Budlick did not report the incident to the police but wrote a letter to her friend discussing the events in great detail. What Budlick did not realize was that she addressed the letter incorrectly, prompting a post office clerk to open the letter. Upon reading the content of the letter, the clerk immediately forwarded the letter to the Düsseldorf police.
Chief Inspector Gennat asked Budlick to recount her ordeal. It was revealed that she still remembered the address of Kürten’s apartment. The police wasted no time and went to the apartment complex, where the landlady gave away Kürten’s name to the police. Although Kürten was not at home when Budlick and Chief Inspector Gennat searched his property, he spotted the pair in the communal hallway and promptly left.
Arrest, Trial, and Execution of Peter Kürten
Knowing that his identity was now known to the police, he feared that he will be connected to the crimes of “the Vampire of Düsseldorf”. He confessed to his wife he had raped Budlick and he may receive 15 years’ penal labor. Scharf helped her husband escape and arranged his lodgings in the Adlerstraße district of Düsseldorf. On May 23, after Kürten returned home, he confessed to his wife that he was the Vampire of Düsseldorf. Kürten then encouraged her to turn him in so that she could collect the reward offered for his capture. Scharf contacted the police and that afternoon, Kürten was arrested at gunpoint.

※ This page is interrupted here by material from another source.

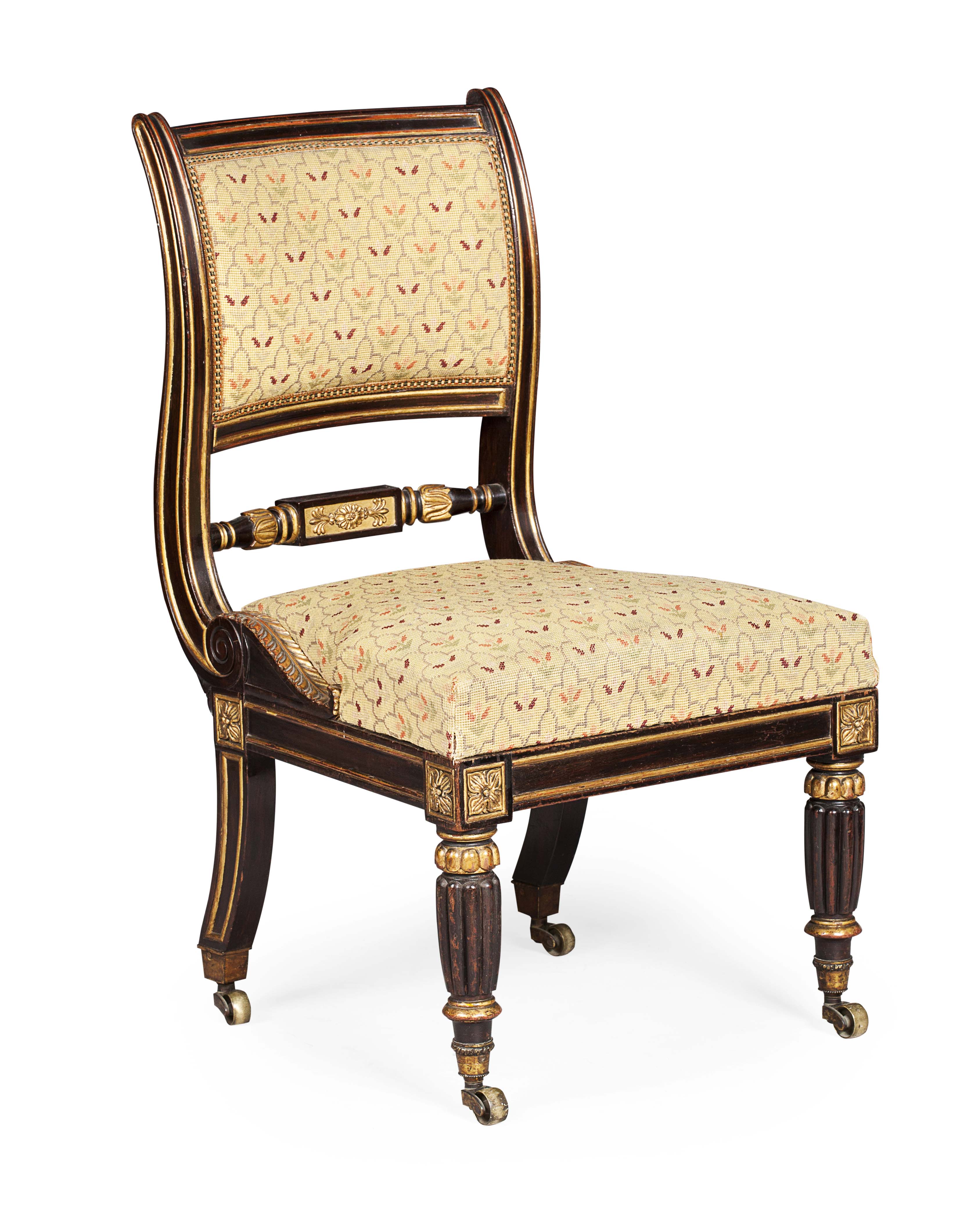 REGENCY SCUMBLED AND PARCEL GILT MAHOGANY SIDE CHAIR

Kürten freely admitted his guilt in all the crimes police had attributed to the Vampire of Düsseldorf. He also admitted to 68 crimes including 10 murders and 31 attempted murders. Aside from the murders, he claimed to have drunk the blood from the throat of one victim, from the temple of another, and to have licked the blood from a third victim’s hands. He also added that in 1930, he decapitated a swan to drink its blood as he masturbated.

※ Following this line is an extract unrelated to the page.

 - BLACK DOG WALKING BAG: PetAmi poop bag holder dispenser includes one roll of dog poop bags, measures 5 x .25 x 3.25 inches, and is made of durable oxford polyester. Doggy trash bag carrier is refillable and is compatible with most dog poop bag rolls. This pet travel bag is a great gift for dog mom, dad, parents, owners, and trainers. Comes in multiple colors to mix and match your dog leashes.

Peter Kürten: The Vampire of Düsseldorf pleaded not guilty because of insanity, but psychiatrist Dr. Karl Berg and other legal examiners ruled Kürten was legally sane and competent to stand trial.
After 10 days of trial, the jury deliberated for 90 minutes and found Kürten guilty and sentenced him to death on nine counts of murder. He was also found guilty of seven counts of attempted murder. Kürten did not appeal his conviction. He remained composed and asked for permission to see his Confessor, to write letters of apology to the relatives of his victims, and a final farewell letter to his wife.
On July 1, 1931, Kürten received his last meal, which was Wiener Schnitzel, a bottle of white wine, and fried potatoes. The next day, at 6 a.m., Peter Kürten was beheaded by guillotine in the grounds of Klingelputz Prison, Cologne. Before he was placed on the guillotine, he asked a psychiatrist, “Tell me… after my head is chopped off, will I still be able to hear, at least for a moment, the sound of my own blood gushing from the stump of my neck? That would be the pleasure to end all pleasures.”
Following his execution, his head was bisected and mummified. His brain was also removed and subjected to forensic analysis in an attempt to explain his personality and behavior. After the Second World War, Kürten’s head was transported to the United States, where it is currently on display at the Ripley’s Believe It or Not! museum in Wisconsin.
Dr. Karl Berg published a book, titled “The Sadist”, based on the confessions of Peter Kürten: The Vampire of Düsseldorf. Up until the late 2000s, Kürten’s crimes continued to inspire films, books, and TV shows.